Spherical Rotation Dimension Reduction with Geometric Loss Functions
This provides a method for analyzing high-dimensional datasets with geometric structures, like cell cycle measurements, but it appears incremental as it builds on existing dimension reduction techniques.
The paper tackled the problem of dimensionality reduction for datasets with underlying geometric structures, such as cyclical cell cycle data, by proposing Spherical Rotation Component Analysis (SRCA), which demonstrated superior performance in approximating low-dimensional manifolds compared to state-of-the-art methods.

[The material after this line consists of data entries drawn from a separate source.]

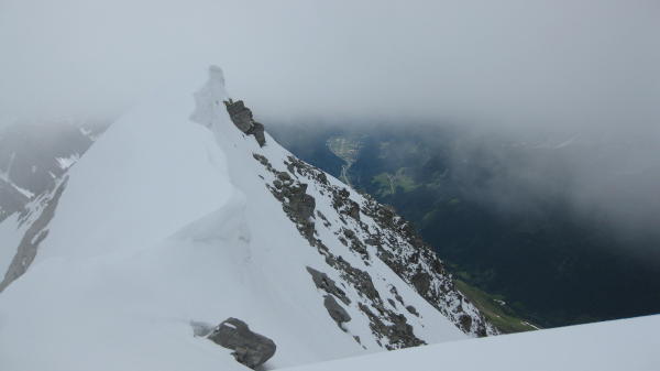Die Abfahrt vom Lucendro war tiptop, leicht angesulzt firnig. Der Grat zur Fibbia verlangt 30 Minuten Fussaufstieg. Faul wurde dann der Schnee gegen Mittag in der Abfahrt von der Fibbia, aber Einsinken war nicht angesagt und in den steileren Hängen gings dann noch rockig zur Sache.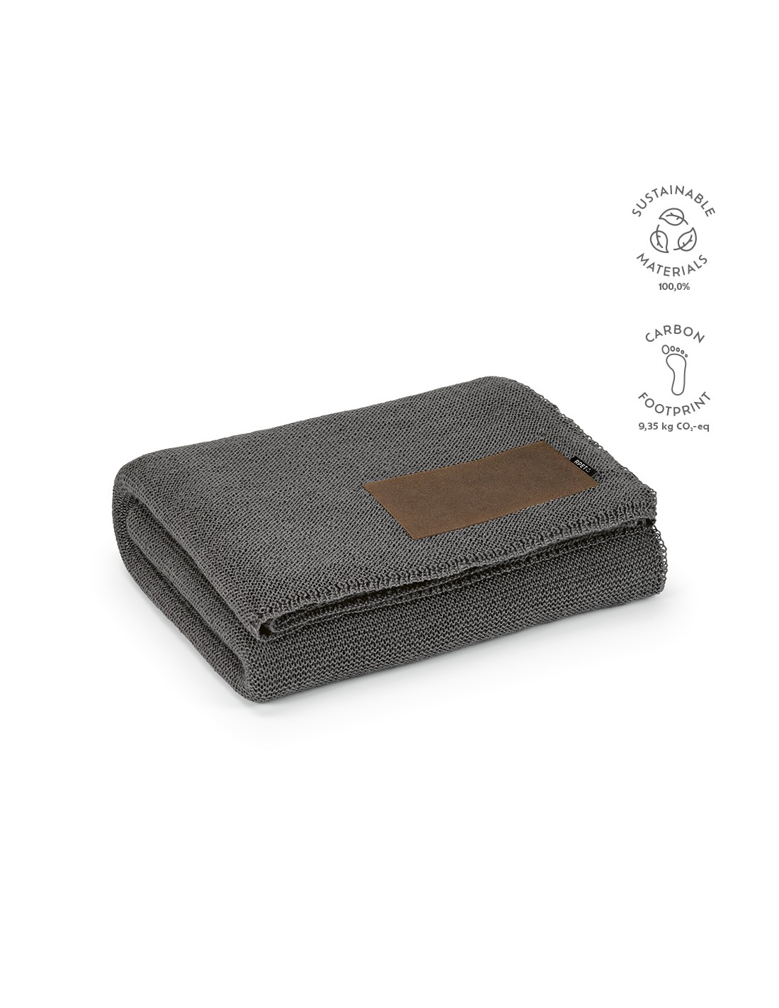 Coperta Mondrian in lana 270gsm (15%) e rPET (85%). Dimensioni 120x160 cm, confezionata in una borsa di cotone riciclato e dotata di una patch personalizzabile dedicata (15x8 cm). Comfort e stile su misura.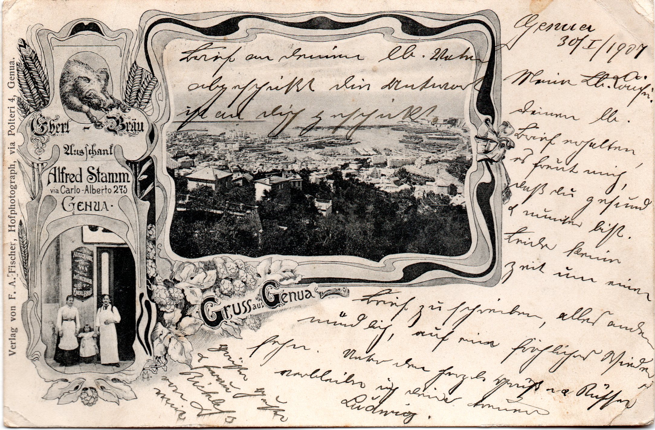 Questa cartolina è stata stampata a Genova ( come si legge nel bordo laterale sinistro) dalla ditta Verlag von F.A. Fischer, via Polteri 4 Genova,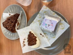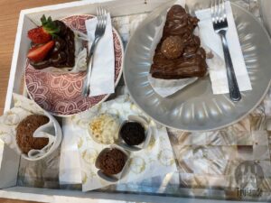 Claro que provamos a famosa lasanha de brownie, R$ 9, e pizza brownie ferrero, R$ 14, cremoso de uva e docinhos.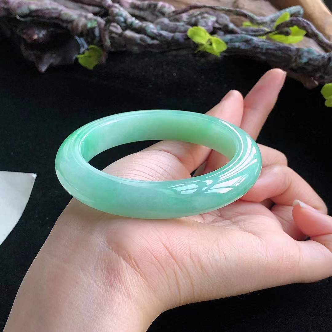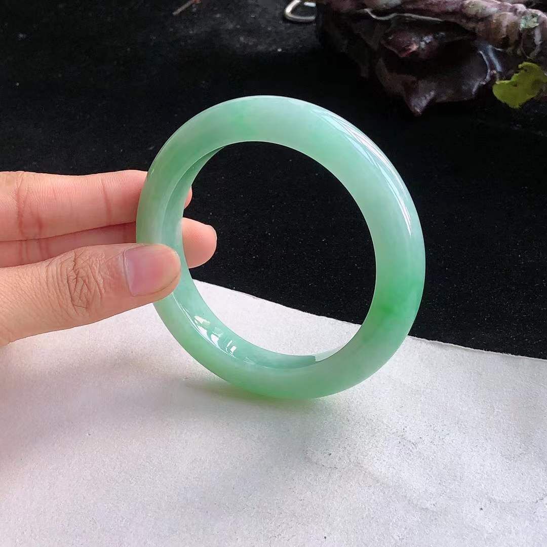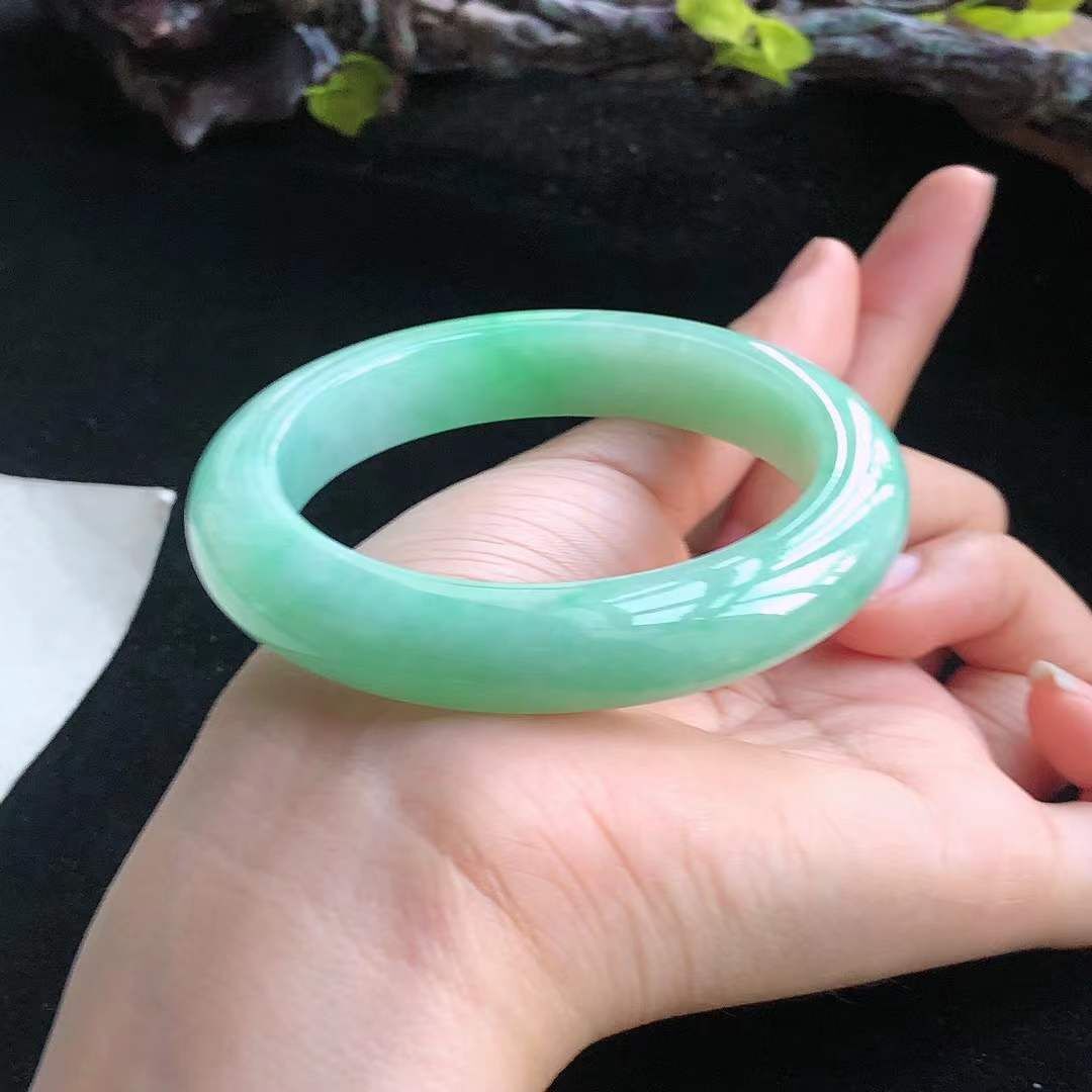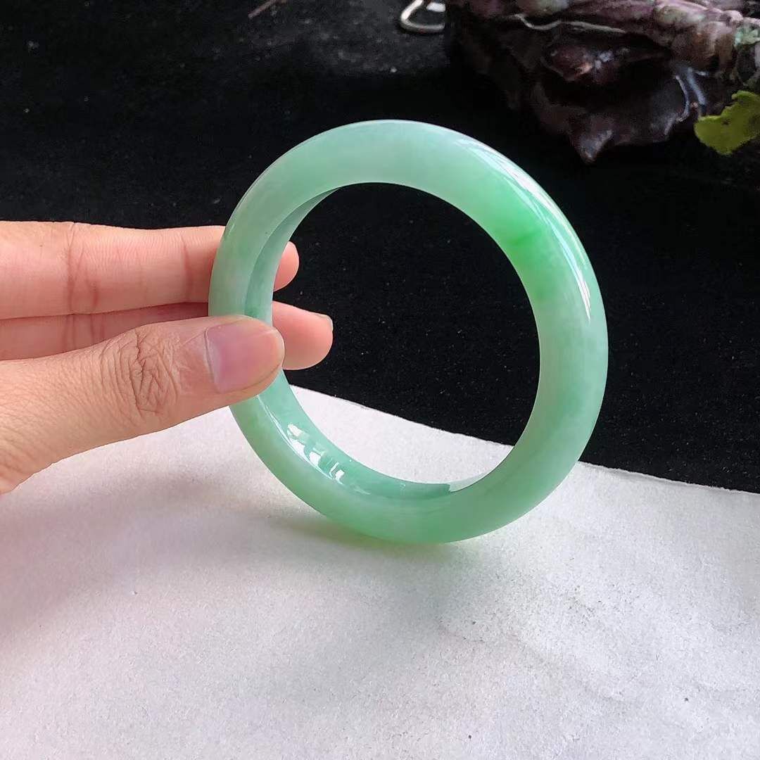 10152610 54.2mm冰糯飄陽綠翡翠正圈手鐲

Modern datasets often exhibit high dimensionality, yet the data reside in low-dimensional manifolds that can reveal underlying geometric structures critical for data analysis. A prime example of such a dataset is a collection of cell cycle measurements, where the inherently cyclical nature of the process can be represented as a circle or sphere. Motivated by the need to analyze these types of datasets, we propose a nonlinear dimension reduction method, Spherical Rotation Component Analysis (SRCA), that incorporates geometric information to better approximate low-dimensional manifolds. SRCA is a versatile method designed to work in both high-dimensional and small sample size settings. By employing spheres or ellipsoids, SRCA provides a low-rank spherical representation of the data with general theoretic guarantees, effectively retaining the geometric structure of the dataset during dimensionality reduction. A comprehensive simulation study, along with a successful application to human cell cycle data, further highlights the advantages of SRCA compared to state-of-the-art alternatives, demonstrating its superior performance in approximating the manifold while preserving inherent geometric structures.